A catalog of the fields you will encounter lives in the appendix → Common EXIF fields; the file-format side of metadata — where in the file it sits, and how (or whether) it survives an edit — is in File formats and compression.

💡 What metadata should travel with an image

A recurring wish in this book: beyond the basics above, a sane image representation would carry exactly the things a bare array can never imply on its own —

Most formats carry the first two only unreliably, and the last two not at all. Yet the algorithms that come later silently need this provenance: white balance and HDR want the encoding and color space, denoising wants the noise parameters (see edge-preserving filtering), deblurring wants the PSF. The honest view, then, is that an image is its pixels plus this provenance — and a representation that drops it is forcing every later stage to guess.

3.1.3 Float vs 8-bit vs more bits

We do our work in floating-point values, and almost always treat the useful range as $[0, 1]$ — $0$ black, $1$ white. The reason is comfort: in float, an image behaves like ordinary numbers. You can add two of them, multiply by a constant, average a hundred, and nothing overflows or quietly truncates to an integer mid-computation. The 8-bit integers ($0$–$255$) you find on disk are excellent for storage and fast hardware, but doing arithmetic directly in 8 bits is a real pain — every intermediate result has to be clamped and rounded, headroom is tiny, and errors accumulate. We confront 8-bit arithmetic squarely in a later chapter; here we simply convert to float on load and back on save, and otherwise forget integers exist.

Between those extremes lies a whole ladder of more bits, and it matters in practice. Camera sensors typically deliver 12–14 bits per channel in their RAW files — four to six binary digits more tonal resolution than an 8-bit JPEG — and that extra headroom is exactly what lets you rescue crushed shadows or recover a clipped sky in editing. A great deal of real image processing then happens in 16 bits (16-bit integer, or 16-bit "half" float): enough precision that rounding stays invisible through a long chain of edits, at half the memory of 32-bit float. The rule of thumb is that capture and intermediate work want more bits than the 8 a final display needs — you keep precision where errors would otherwise accumulate, and only quantize down to 8 bits at the very last step, on output.

Sidebar — how floating point works, and why images love it

A float stores a number in binary scientific notation: sign × mantissa × 2^exponent.
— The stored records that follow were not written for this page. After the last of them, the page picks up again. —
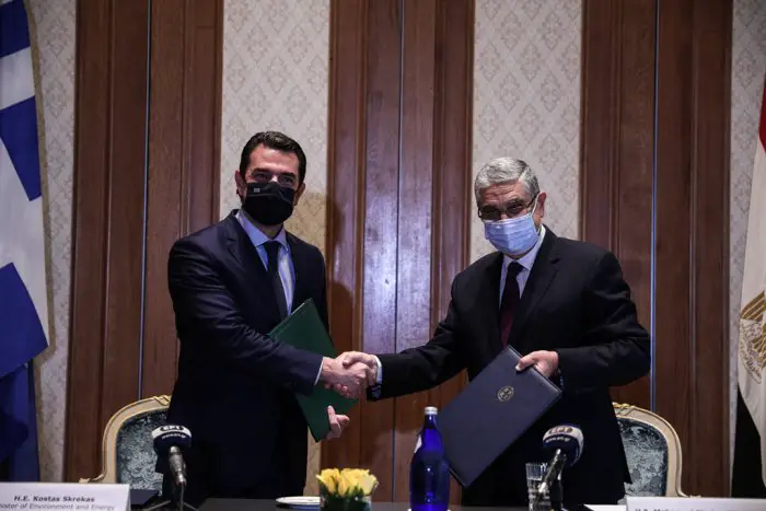 Am Donnerstag (14.10.) unterzeichneten der griechische Energieminister Kostas Skrekas und sein Amtskollege aus Ägypten Mohamed Shaker eine bilaterale Absichtserklärung (Memorandum of Understanding) für eine künftige Elektrizitätsleitung zwischen beiden Ländern durch das östliche Mittelmeer.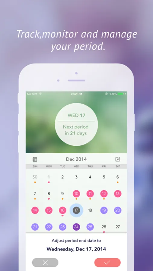– Calendar view shows your cycle at a glance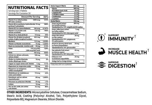 Multivitamins are dietary supplements that contain a combination of essential vitamins and minerals. They are designed to supplement the nutrients that may be lacking in a person's diet and help ensure they meet their daily recommended intake of these vital micronutrients. Musclebull Nutrition offers multivitamins from reputable brands that undergo third-party testing for quality and purity.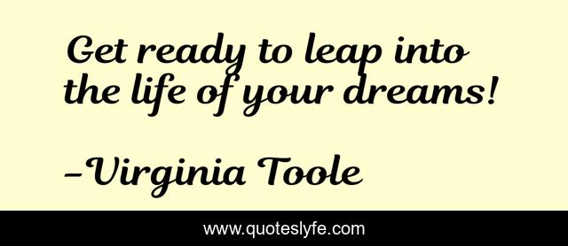 This page presents the quote "Get ready to leap into the life of your dreams!". Author of this quote is Virginia Toole. This quote is about enthusiasm, leap, dreams, life, inspirational,.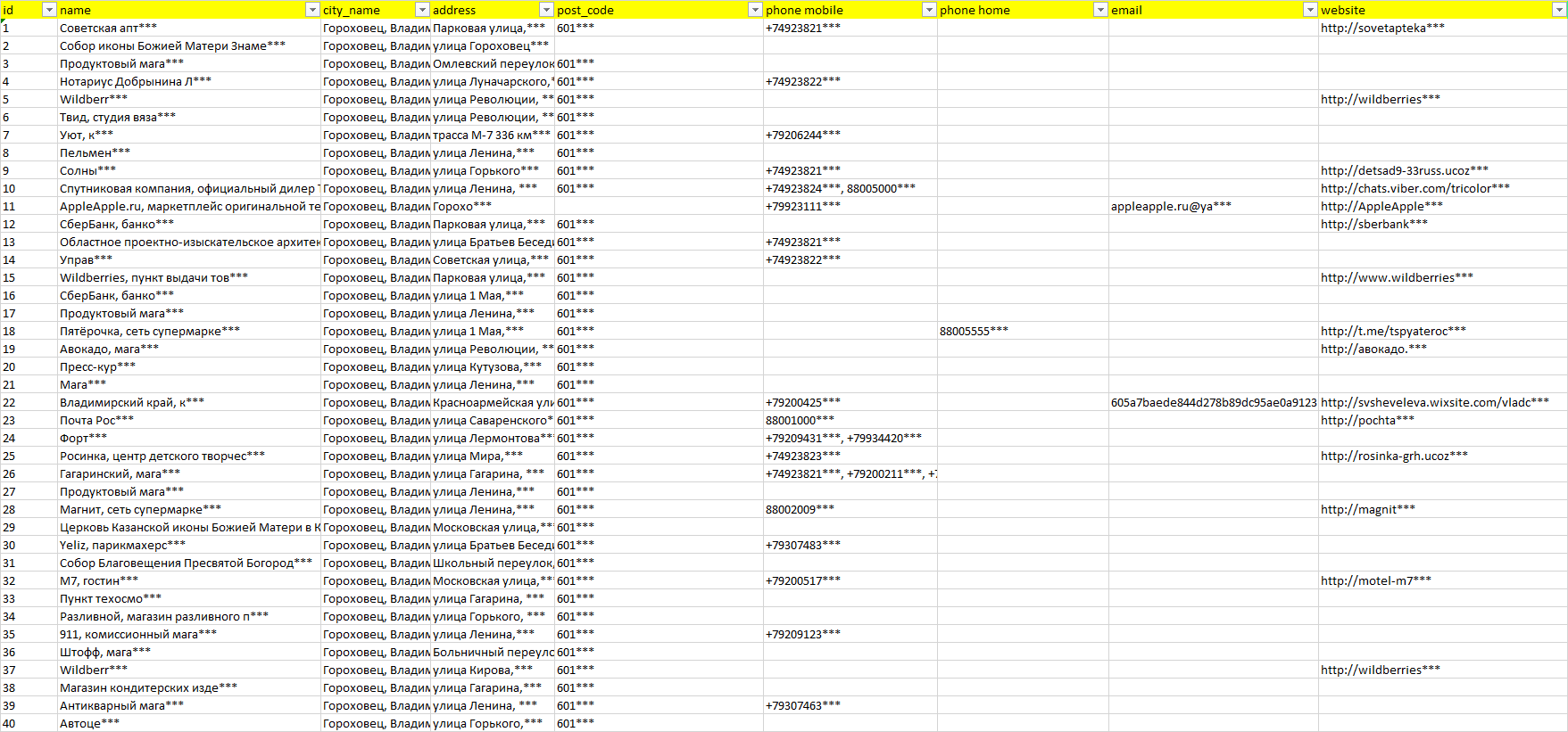 База организаций Гороховец, вся Россия в формате Excel с эл. почтами, телефонами, сайтами, ссылками на соц сети, координатами и другой информацией. Скачайте демо версию, чтобы ознакомиться с данными.

The exponent slides the binary point, so the same ~24 mantissa bits of a 32-bit float deliver the same relative precision whether the value is $0.001$ or $1000$. A few consequences matter for images:

Reminder

💡 L6 — quantization is rarely the real problem (introduced in FUNDAMENTALS → Noise): with enough bits and a sane encoding it is noise and dynamic range that limit an image, not the number of discrete levels — which is exactly why floats with headroom are the sane default here.

3.1.4 What the numbers actually mean: encoding

Take a pixel value of $0.5$. Is that half as much light as $1.0$? It is tempting to assume so, and it is often wrong. The answer depends entirely on the image's encoding, and this is the single most important caveat in the whole chapter: a bare array of numbers is meaningless until you know how it is encoded. That $0.5$ might mean half the physical light — a linear value, proportional to scene radiance — or it might mean the signal that drives a display to look middling, a gamma-encoded value corresponding to a quite different amount of physical light. The two readings of the identical array differ by a lot, and confusing them quietly accounts for a remarkable share of image-processing bugs.

The book introduced encoding earlier and gives it a full treatment in Linear vs Gamma vs. log encoding; here we only need to be clear about when things are encoded and when they are decoded, and about which space each operation assumes. The reason multiple encodings exist is that different parts of computational photography genuinely want different ones:

There is a further wrinkle worth naming: the values in a finished JPEG, or a scanned film frame, are usually not even a clean gamma encoding of scene light. The camera's processor (or the film's chemistry) has already applied tone curves, saturation boosts, and contrast S-curves to make the picture look good straight out of the camera — beautification, not measurement. So a consumer JPEG is roughly: scene light → camera "look" → gamma → 8-bit, with the physical meaning of the numbers scrambled along the way.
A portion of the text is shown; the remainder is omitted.